Results for all patients: M/F 22/22; median age 59 (range 34-80); stage IIIB/IV 9/35; PS 0/1/2: 21/18/5. At the time of analysis 32/44 patients have died and 40/44 progressed. Median time to follow up was 462 days, median time to progression 92 days and median survival 209 days.
Radiological response by RECIST after 3 weeks of treatment (stable disease/partial response vs. progressive disease) did not significantly correlate with survival (p=0.1) and showed borderline significance after 6 weeks of treatment (p=0.048).
K^psshowed a median decrease of 32% (IQR -60% to +26%) after 3 weeks (p=0.09), but did not correlate with TTP and overall survival (p=0.5, p=0.9).
Residual SUV and F after 3 weeks of treatment predicted TTP (p=0.001, p=0.029) and survival (p=0.02, p=0.039).
At baseline and after treatment, no significant correlations were found between MRI derived parameter K^ps and PET derived parameters F and SUV, as well as between SUV and F (pearson correlation coefficient, p>0.1).
Conclusion:
¹⁸FDG-PET and H₂¹⁵O-PET seem valuable biomarkers in monitoring early response to antiangiogenic treatment in patients with NSCLC.

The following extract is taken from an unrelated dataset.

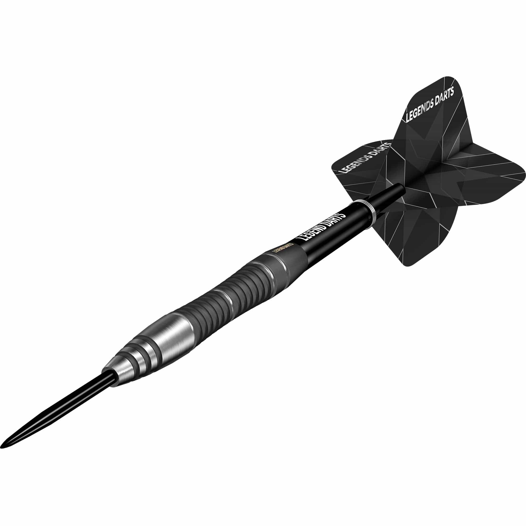 Legend Darts - Steel Tip - Revolution Series - B17 - Black - Scallop - 22g. Pack contains: 90% tungsten barrels, shafts and 100 micron flights.

DCE-MRI derived K^ps reflected treatment effect, but was not predictive of patient outcome.
The lack of correlation between glucose metabolism and perfusion, as measured with PET, indicates that both have independent prognostic value. Multivariate analysis can only be done in a larger sample. Therefore, these results should be confirmed in a prospective study.